How to explain the scale of the bronchiolitis epidemic this year?

For pediatricians interviewed by, the crisis in pediatric services in France explains the saturation of public hospitals. On Wednesday, Minister of Health Orsan launched the plan.

In its weekly bulletin on the bronchiolitis outbreak published on Wednesday, Santé Publique France highlighted the unprecedented nature of the wave currently sweeping France.
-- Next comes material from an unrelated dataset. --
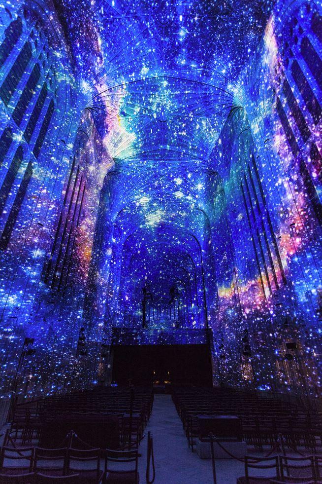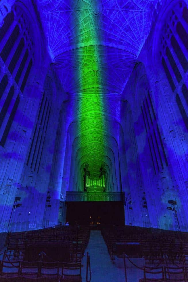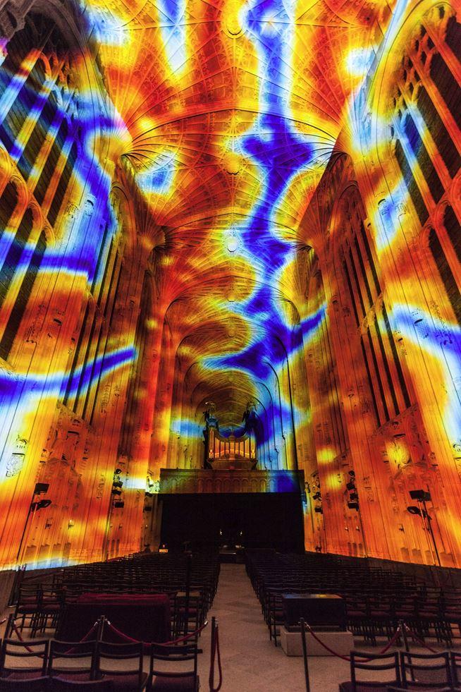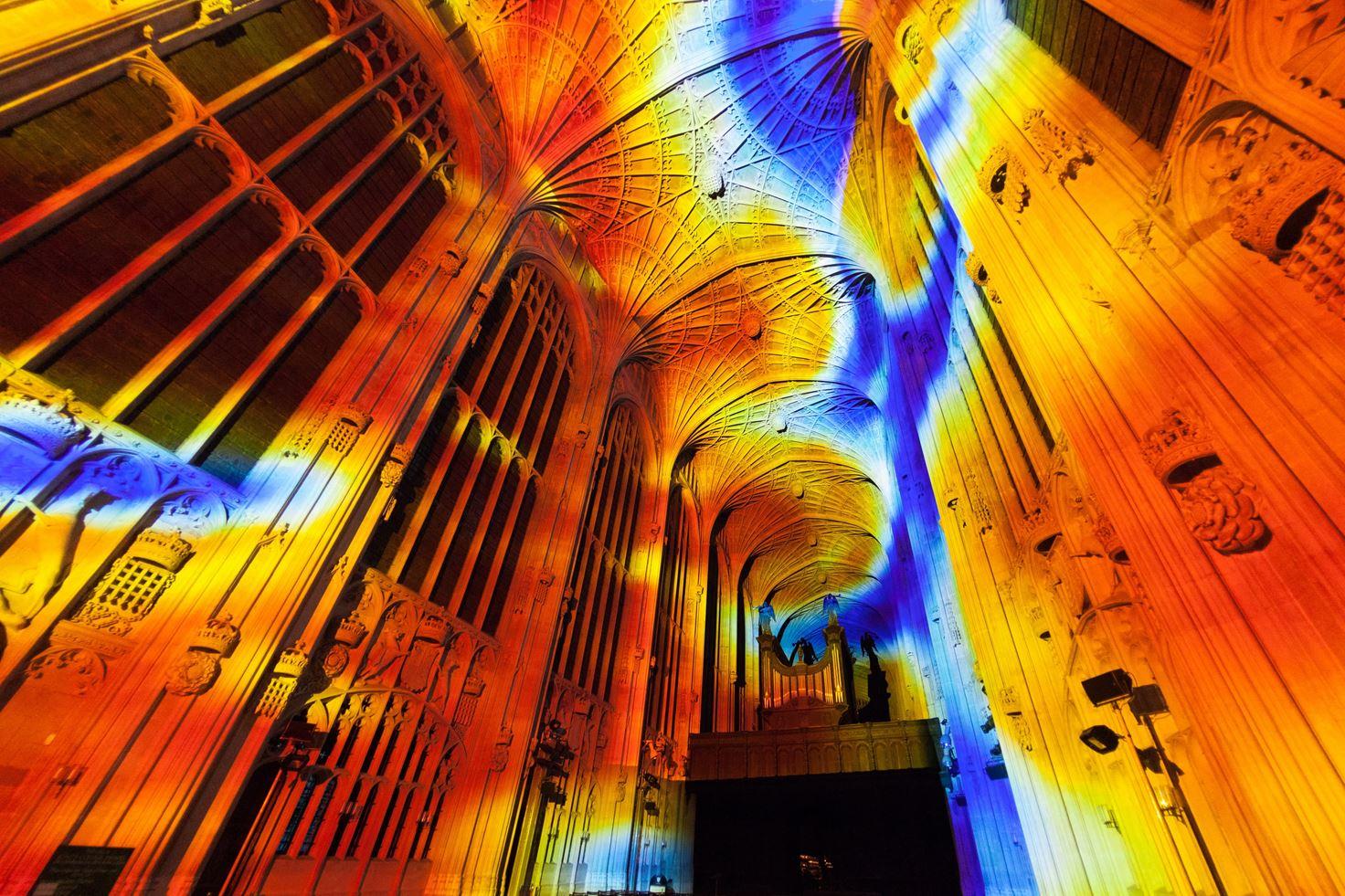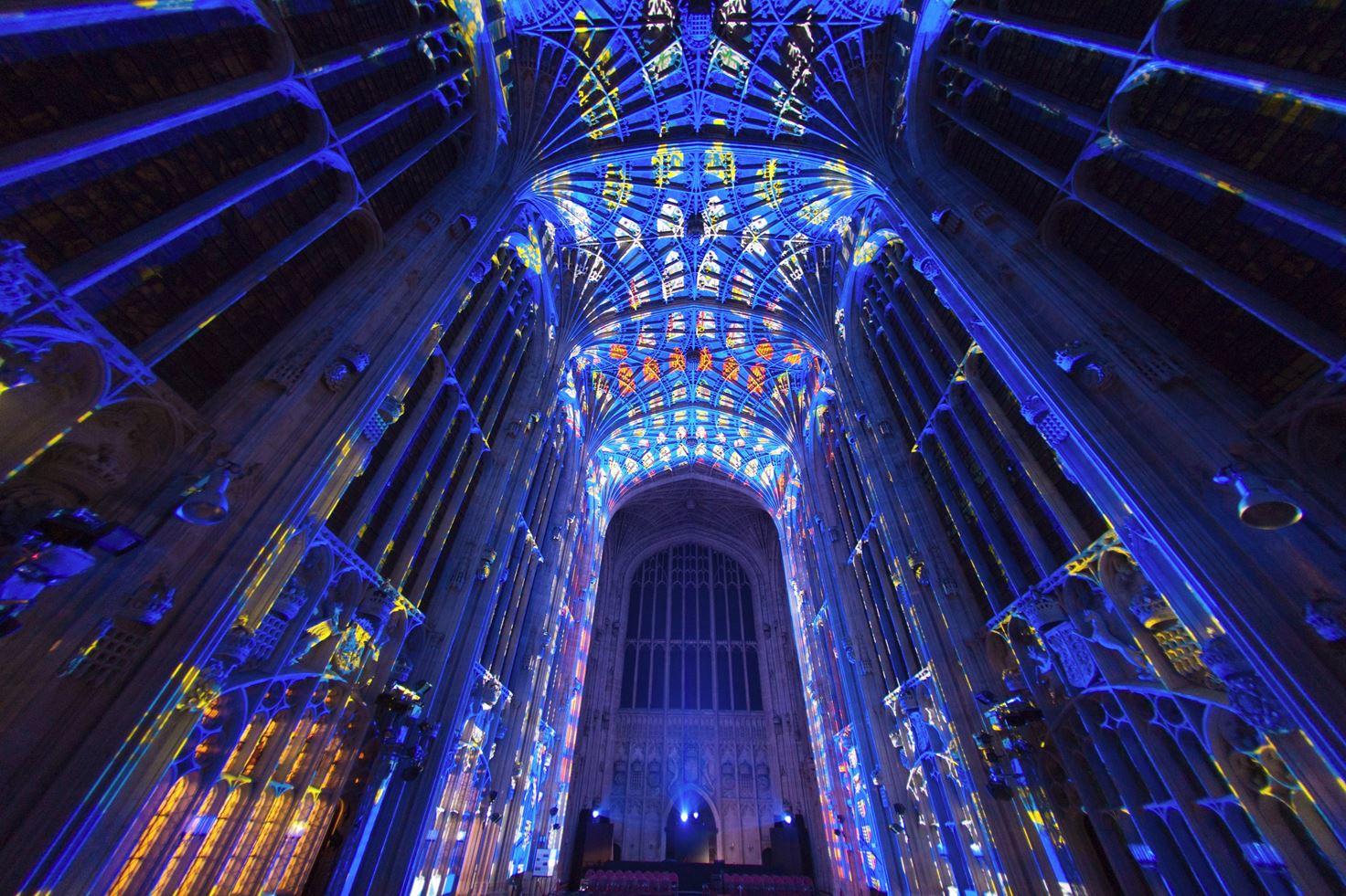 The site-specific installation highlights the architecture of the 16th century Chapel through light and highlights the high technicality of the cathedral’s fan vaults, one of the finest examples of late Perpendicular Gothic English architecture. The soft light and the wealth of colours from the digital installation is in resonance also with the light from the stained glass windows. The installation gives the building life before our eyes, creating an unprecedented visual experience.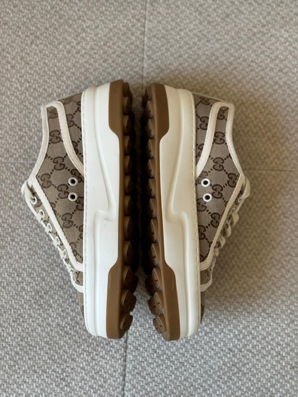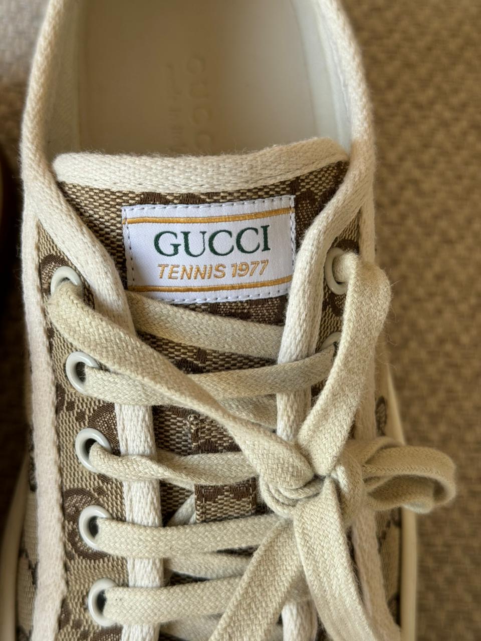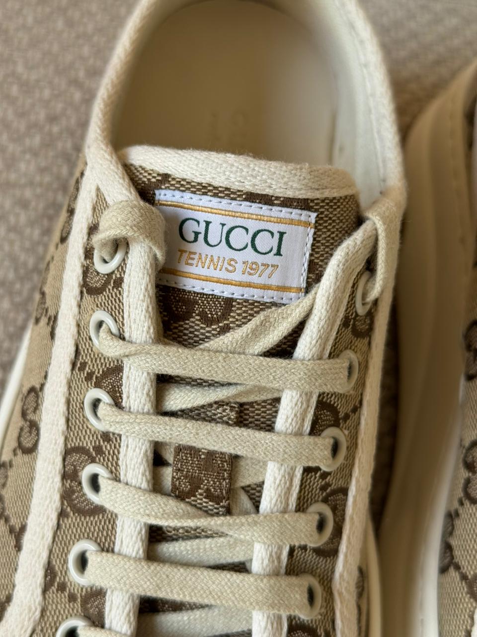 A timeless fusion of heritage and casual elegance, the Gucci GG Tennis 1977 sneakers showcase the House’s iconic monogram in a refined, everyday silhouette. Crafted from GG Supreme canvas with contrasting white trim, this pair blends vintage inspiration with modern comfort. Effortlessly versatile, they add a polished touch to both relaxed and elevated looks.

The number of emergency visits and hospitalizations is “more than 10 years higher than at the peak of the epidemic.”

Health Minister Francois Brown said this in the Senate on Wednesday The Orsan plan was to be launched in French hospitals, coping with a large number of hospitalizations. Still, between October 31 and November 6, 6,891 emergency room visits related to bronchiolitis were recorded, according to Sante Publique France. This Orsan plan specifically provides for the deprogramming and requisitioning of caregivers when necessary.

Hospital crisis

But how to explain this strong return of bronchiolitis after a relative calm during the Covid-19 pandemic, which protected the little ones with successive arrests and barrier gestures? For experts interviewed by, what is responsible for the situation described by Francois Braun is not the exceptional case of the epidemic, but the inability of the French hospital system to accommodate the requests for hospitalization presented to it. .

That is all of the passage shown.